WOW! Not sure how I missed this one. A World-class beauty!

Where did you get those red spark plug boots? I love them!


----------



## pcw

now build a nice T-bucket to display the engine ;D

fantastic engine!!
Pascal


----------



## stevehuckss396

Swede  said:
			
		

> Where did you get those red spark plug boots? I love them!



Hi Swede

There was a thread for molding boots by Mr. Graham about a month or so ago. He described the process and recomended the materials. I made the mold and followed his process and there they are. Worked great. You can see my mold in the "small V8" thread and Mr. Graham's mold in the "ignition boot molding" thread.


----------



## awJCKDup

Steve as I have said before, Great job. I was wondering if you knew off the top of your head, and don't spend time looking if you don't know, but how many pieces make up the engine----minus the stand and radiator. Just wondering.
John


----------



## stevehuckss396

awJCKDup  said:
			
		

> Steve as I have said before, Great job. I was wondering if you knew off the top of your head, and don't spend time looking if you don't know, but how many pieces make up the engine----minus the stand and radiator. Just wondering.
> John



No I Dont!

I'm going to count them up tomorrow.


----------



## Swede

> There was a thread for molding boots by Mr. Graham about a month or so ago. He described the process and recomended the materials. I made the mold and followed his process and there they are. Worked great. You can see my mold in the "small V8" thread and Mr. Graham's mold in the "ignition boot molding" thread.

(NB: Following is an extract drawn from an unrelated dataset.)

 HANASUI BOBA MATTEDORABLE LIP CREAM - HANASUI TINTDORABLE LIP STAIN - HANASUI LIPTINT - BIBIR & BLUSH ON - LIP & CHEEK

Thanks, Steve, I saw that thread but failed to make the connection.

Your engine is also presented beautifully... the stand looks great. Do you have a glass or plexiglass cover for it? I've noticed that exposure to dust and humidity from shelf-sitting for a few years can really take an engine down a notch in appearance... you get corrosion, splotchy brass and aluminum, dust and fuzzball crud in seams and inaccessible nooks and crannies, all hard to get out. Such an engine deserves to be covered when she's not out and running.


----------



## Blue_Rock

Hi Steve

Thanks for sharing with us such a superb piece of design and engineering. Your attention to detail is second to none and I really appreciate the time that you have taken to document this magnificent build. 

I am plodding along with my first engine build, a Webster, and my long-term plan is to build a V8. 

When that time comes, I'd like to have a shot at building your V8. 

Thanks again for the inspiration.


----------



## stevehuckss396

Thank you!

I don't have covers for them. I do need to find a better home for them


Blue_Rock, I was in your shoes just a few years ago. Keep at it and when you are ready, I have the plans for you.


----------



## Boot

Congratulations. What a super terrific project. You are on top of the world as a model maker. Best I have ever seen.


----------



## Lakc

stevehuckss396  said:
			
		

> Thank you!
> 
> I don't have covers for them. I do need to find a better home for them


Next project, gun cabinet with goldenrod dehumidifer and HEPA filtration. ;D


----------



## stevehuckss396

awJCKDup  said:
			
		

> I was wondering if you knew off the top of your head, and don't spend time looking if you don't know, but how many pieces make up the engine----minus the stand and radiator. Just wondering.
> John




Hello John

I missed the part about the stand and radiator.

In total I counted 469 parts. That included everything except the fixtures, mods to gears, templates for gaskets, and everything else that is not in the photos.

The radiator is maybe 50 of those parts and the stand is about 15. That makes it right around 400.


----------



## awJCKDup

Wow! So if a guy wanted to build one in a year, he'd have to average more than 1 part a day. Hmmmm, with you breaking the way with your plans, that's probably doable, er how many different fixtures did you have to make?
John


----------



## stevehuckss396

awJCKDup  said:
			
		

> how many different fixtures did you have to make?



There is a template for each gasket, a press to assemble the sparkplugs, and fixtures for the exhaust, radiator, ect so a dozen or so.


----------



## robcas631

Unbelievable work of art and machinery!


----------



## d-m

WOW Steve that's a work of art thanks for the journey, I'll miss reading the post's. So whats next?
Dave


----------